There Is a God
by Antony Flew and Roy Abraham Varghese
- A theme throughout this book, and Antony Flew’s life, was to “follow the argument wherever it leads,” as Socrates did (p. 89). Has there ever been something that you were once 100 percent sure of and then later changed your mind about after much deliberation?
- Flew received a lot of criticism from atheist peers after his late-in-life conversion. In fact, some charged that he was no longer of sound mind when he announced his decision and later wrote this book. Can you imagine writing a book at age eighty-four that goes against all your previous writings over a lifetime? Do you think what Flew did was crazy or brave?

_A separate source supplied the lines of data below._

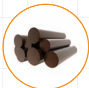
Decorative Steel Logs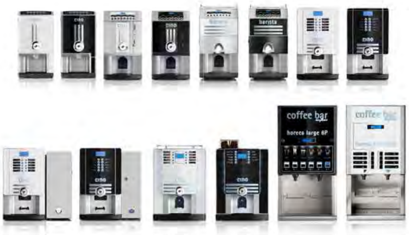
TABLE TOP MACHINES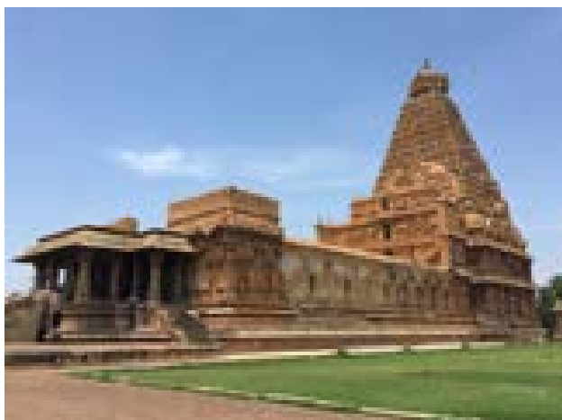
Big Temple Thanjavur

The Chola period witnessed an extensive construction of temples. The temples in Thanjavur, Gangaikonda Cholapuram and Darasuram are the repository of architecture, sculpture, paintings and iconography of the Chola art. Temples during the Chola period were not merely places of worship. They were the largest landholders. Temples promoted education, and devotional forms of art such as dance, music and drama. The staff of the temples included temple officials, dancing girls, musicians, singers, players of musical instruments and the priests.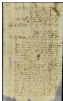
Appointment of magistrates for Schanegtade (NYSA_A1881- 78_V23_0072a)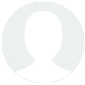
Kent Jason Gerhard & Associates Real Estate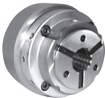
GRUPPI ACCESSORI PASSAGGIO "PEL" OPTIONAL KIT WORKPIECE CONTROL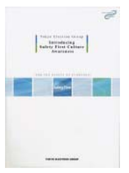
The "Introducing Safety First Culture Awareness"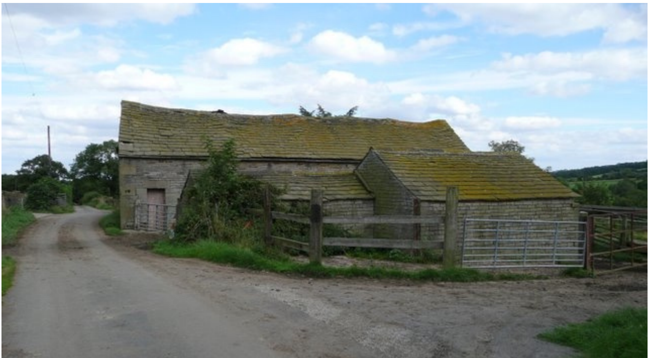
Sagging roof - the top of the roof is not a straight line, the middle dips down which indicates roof damage.

Roof sagging can be caused by rotten decking or broken rafters. In both cases, a roofing contractor will need to tear off the roofing materials to repair the broken and rotten boards underneath.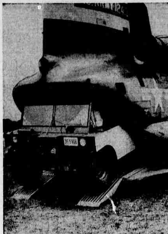
METAL MONSTER'S MEAL —A military vehicle is quite a diet for anything, but the Chinook Helicopter, known to the layman as a flying garage, eats it up easily.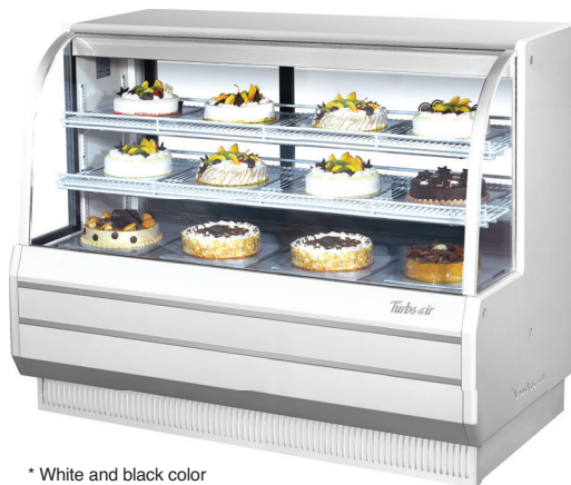
* White and black color come standard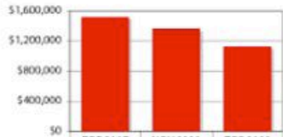
Average Single Family Home Sale Price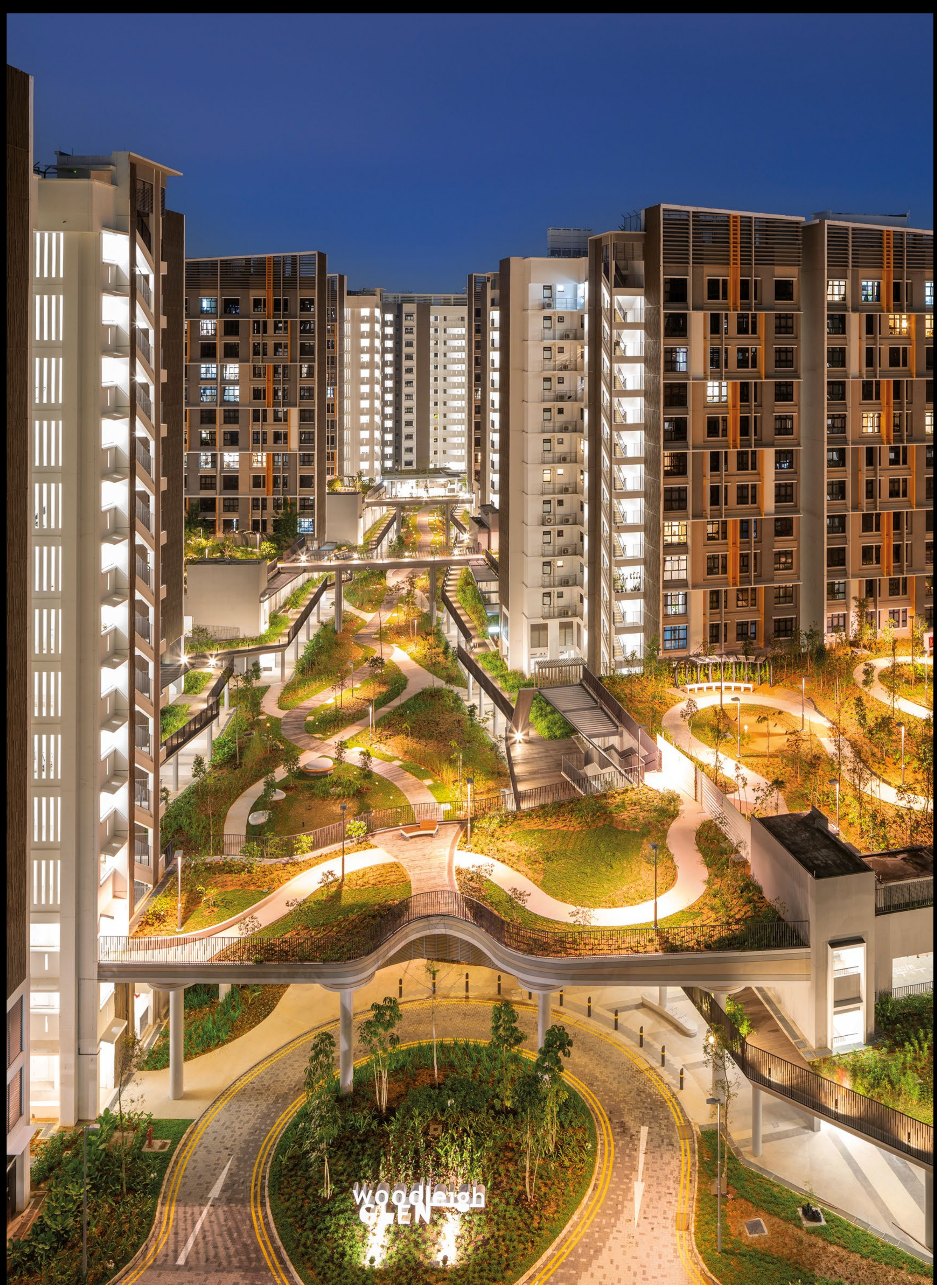
View of central valley spine with interconnected landscape trails across multiple levels

Topography The existing topography is a natural valley that slopes up towards Upper Serangoon Road and Bidadari Hill Park. The morphology of the development accentuates this undulating terrain by retaining the existing valley and inserting a series of green terraces that slope up towards the Hill Park.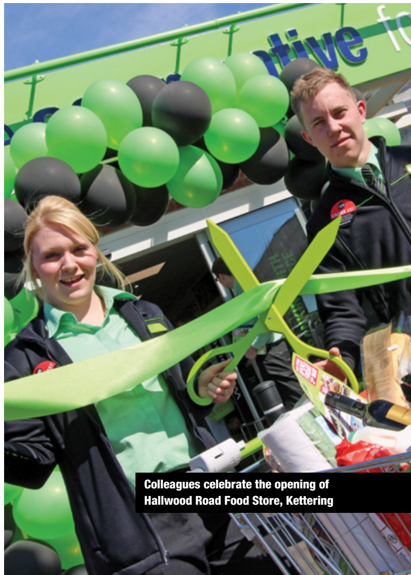
Colleagues celebrate the opening of Hallwood Road Food Store, Kettering

Investment in the Society’s Distribution Centres in Leicester has included the purchase of seven new vehicles, with three vehicles displaying special signage to promote the Society’s corporate charity, Newlife Foundation for Disabled Children. A major upgrade of the Society’s warehouse management system is underway, with the first phase of the implementation planned for early 2014. The new system will strengthen the service provided to food stores through the implementation of latest voice pick technology to further improve product availability and delivery accuracy.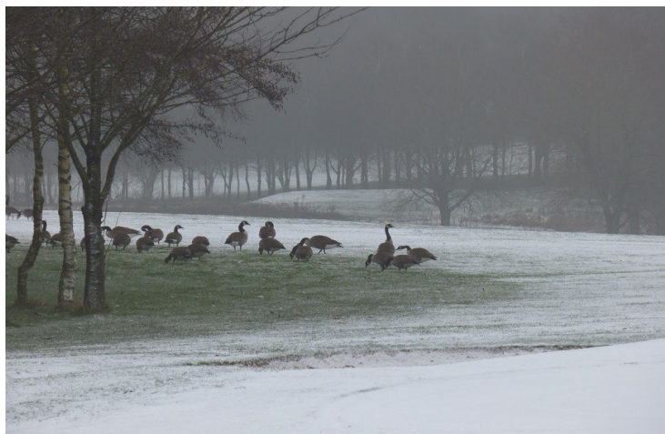
Not on the menu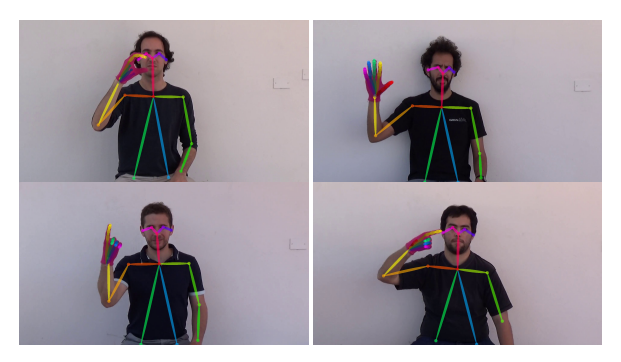
Figure 3: Extracted hand and body joints from video sequences of the LSA64 dataset.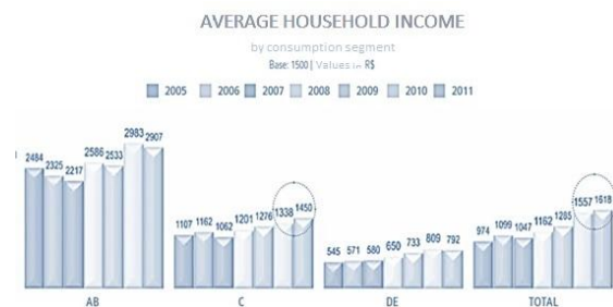
GRAPH 2 – Average household income for each consumption segment

In addition to this significant increase in the number of people belonging to the base of the pyramid, their income has also seen significant growth, being around 8% over the previous year (Class C), as shown in Graph 2. Still analyzing this graph, it can be noticed that the increase in total average household income in the country was mainly driven by the class C income growth.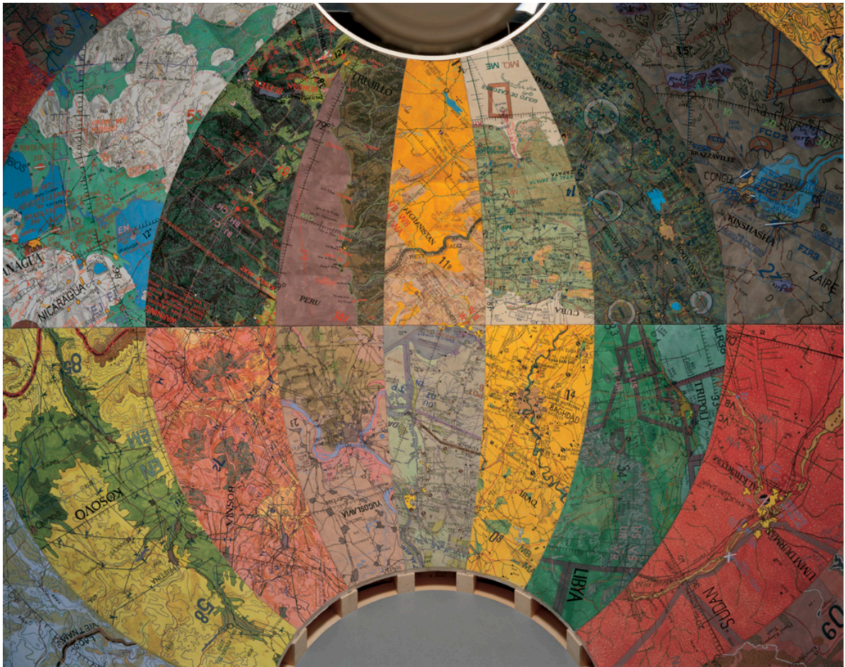
Interior View of Targets

Targets is an enormous walk-in globe with an open oculus at the top, in homage to the Pantheon, the second-century Roman temple and one of the city's great architectural treasures. The exterior is of plain, unpainted wood; step inside and one is engulfed by a vividly painted mosaic of map fragments. Shaped a bit like sections of an orange, each map is painted a different color. Some are inverted, so names must be read upside down. The feeling of disorientation is accentuated by a reverberating echo which amplifies and distorts any sounds originating from within the globe. Each section is based on a contemporary aeronautical chart of a country that the United States has bombed since 1945 – for example, Korea, Guatemala, Congo, Vietnam, El Salvador, Iraq, Libya, and Yugoslavia. It serves as a reminder of the impersonality of modern warfare, where places in which civilians work and live are abstracted into a set of sight lines and landmarks for the purposes of disengaged destruction."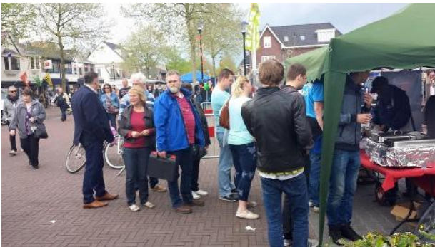
Rush before the storm—literally a lot of rain!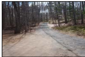
Hemlock Drive After

Enormous strides have begun to take place to protect the water quality of Square Pond but we are not out of the woods yet. This is your watershed & we need your help to protect it.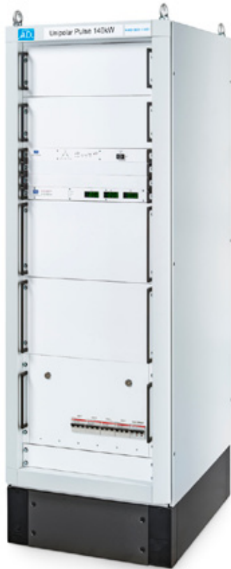
Cabinet - Front view

The HXD 901 – HXD 1401 is a very convenient solution, which combines high power, easy handling and stable processes. The modularly designed unipolar pulse generators are optimized for reactive coating processes for cathodes up to 4 meters in length. The generator recognizes all relevant process parameters fully automatically and adjusts its arc detection and arc erosion independently. To start the operation or to make a target change, no adjustments have to be done by hand. Powerful water cooling guarantees the highest reliability – even in a non-air-conditioned environment.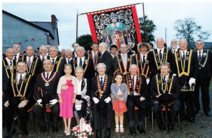
Members of Benraw RBP 40 along with the platform party at the unfurling ceremony at Benraw Orange Hall.

The platform proceedings were brought to a close with the singing of the of the National Anthem lead by Legananny accordion band before Benraw Pipe Band headed the parade of the new banner along with Crimson Arrow Pipe Band, Newcastle and Star of Maghera Flute Band.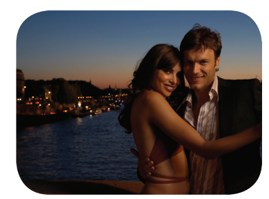
FUJIFILM SR AUTO

Available in all FinePix digital cameras that do not contain EXR Technology.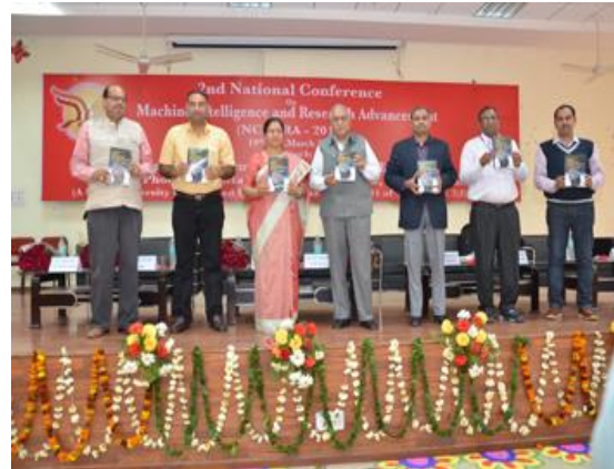
Fig.1. Snapshot of National Conference on “Machine Intelligence and Research Advancement”

A snapshot of National Conference on “Machine Intelligence and Research Advancement” and UGC sponsored workshop on Computational Tools in Research is depicted in Fig. 1 and 2 respectively.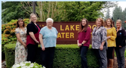
LAKWOOD WATER DISTRICT CUSTOMER SERVICE TEAM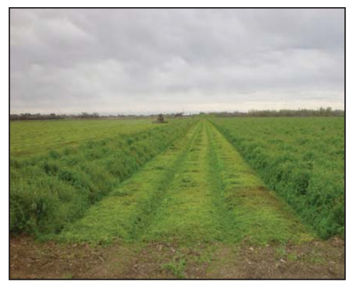
Figure 13: Flail-mowed vetch beds.

Mowing: Mowing is often used to terminate a flowering cover crop before incorporation with a disc. It is a quick method to ensure that cover crops do not go to seed. There are three basic types of mowing machines: sickle bar, rotary and flail. Sickle bars are fast and leave large pieces of stalks on the surface of the ground. They are optimal for a slow decomposing mulch to cover the soil. Rotary mowers (like those commonly used for lawns) are useful in orchard settings to cut groundcover close to trees, but they do not chop residue, leaf litter and prunings as finely as flail mowers. Flail mowers generally require more horsepower than rotary mowers and provide a finer chop may allow for slightly quicker decomposition of the residue. Some producers might opt to transplant directly into a mowed cover crop, a minimum-till option that is usually easier to adopt than roller crimpers. Be aware of challenges inherent with this approach such as cooler, wetter soils and potential pest problems (i.e rodents or slugs).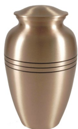
Traditional Bronze Urn 10.5" x 6" x 6" 200 cubic inches $ 295.00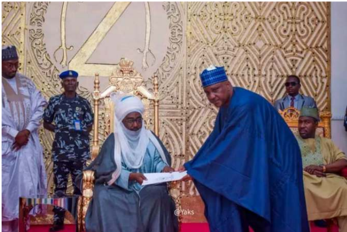
Speaker, House of Representatives, Abbas Tajudeen, during a condolence visit to the Emir of Zazzau, Malam Ahmed Nuhu Bamalli at his palace in Zaria recently.

Highlights of the visit were donations for the renovation of the mosque from some of the principal officers and members of the National Assembly, who accompanied the Speaker.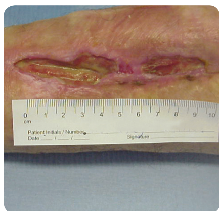
Figure 5. Case study 2: initial presentation of the patient's left leg.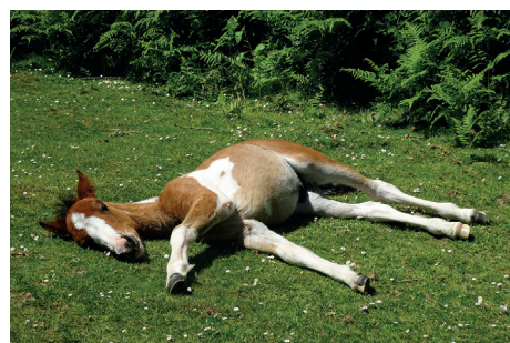
Dartmoor Hill Pony foal on a very hot day!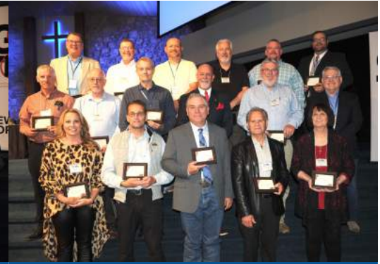
Harvest Awards: Worship Attendance Growth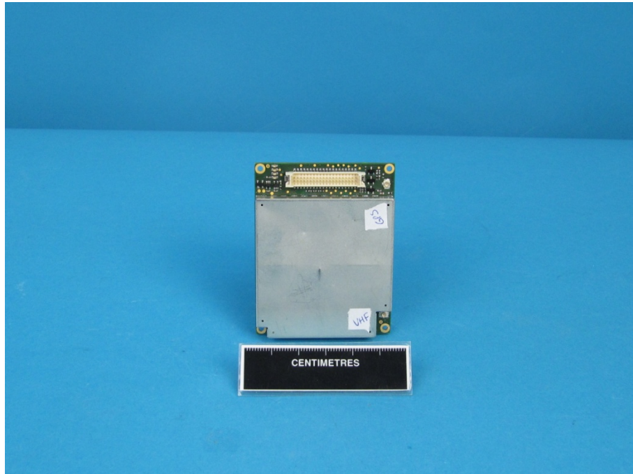
Equipment Under Test

The Equipment Under Test (EUT) was a SRT Marine Technology Ltd Cobalt - Class B AIS as shown in the photograph below. A full technical description can be found in the manufacturer's documentation.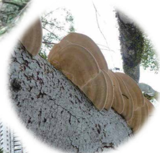
Fungal fruiting bodies 真菌子實體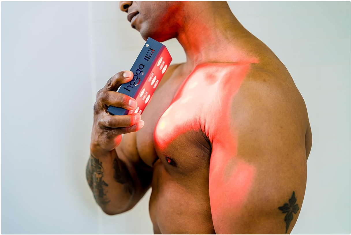
Image: Example of a user applying the Hooga Charge device to the shoulder area.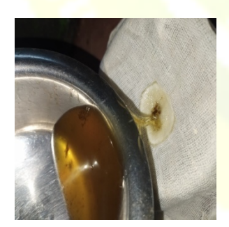
Fig.7: Filtration of Siktha Taila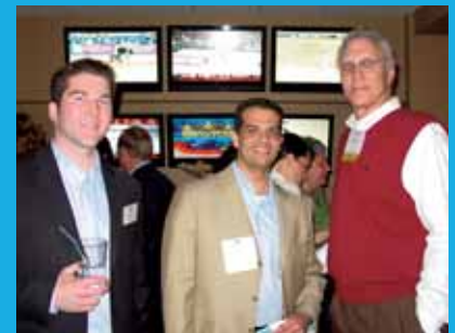
Members had fun at Stretch Run for a recent Membership Connection.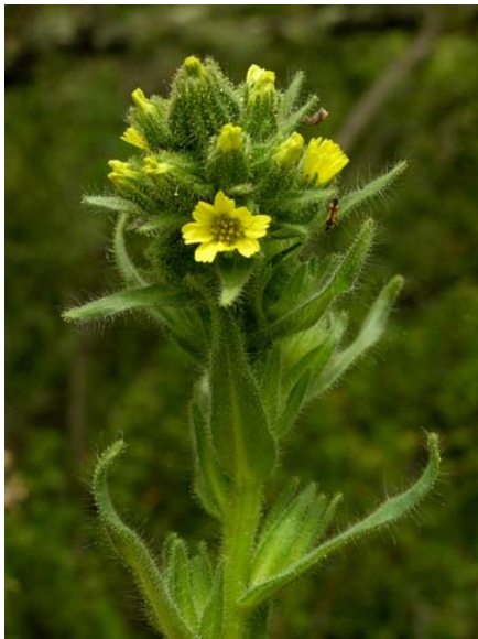
Common / Coast Tarweed Madia sativa Native Annual Sunflower Family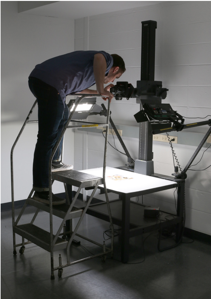
Fig 9 - Use step stool if needed

5 If the camera is too high for you to reach or operate, DO NOT STAND ON THE TABLE. Use the step stool provided in the studio.

- Flew’s father was a preacher, and Flew kept his atheism from his family for as long as possible “for the sake of domestic peace and, in particular, in order to spare my father” (p. 16). Have you ever tried to conceal your beliefs? Why? What caused you to finally reveal your true feelings, if you ever did?
- Flew is considered by many to be a pioneer in the field of atheism. He advanced the entire debate about the existence of God by arguing that “a discussion about God’s existence should start with the presumption of atheism, that the onus of proof must lie with the theists. . . . [I]t helps smoke out conceptual problems with theism that might otherwise escape attention and forces theists to begin from the absolute beginning” (p. 53). Do you believe it is easier to prove something than to disprove something? Explain.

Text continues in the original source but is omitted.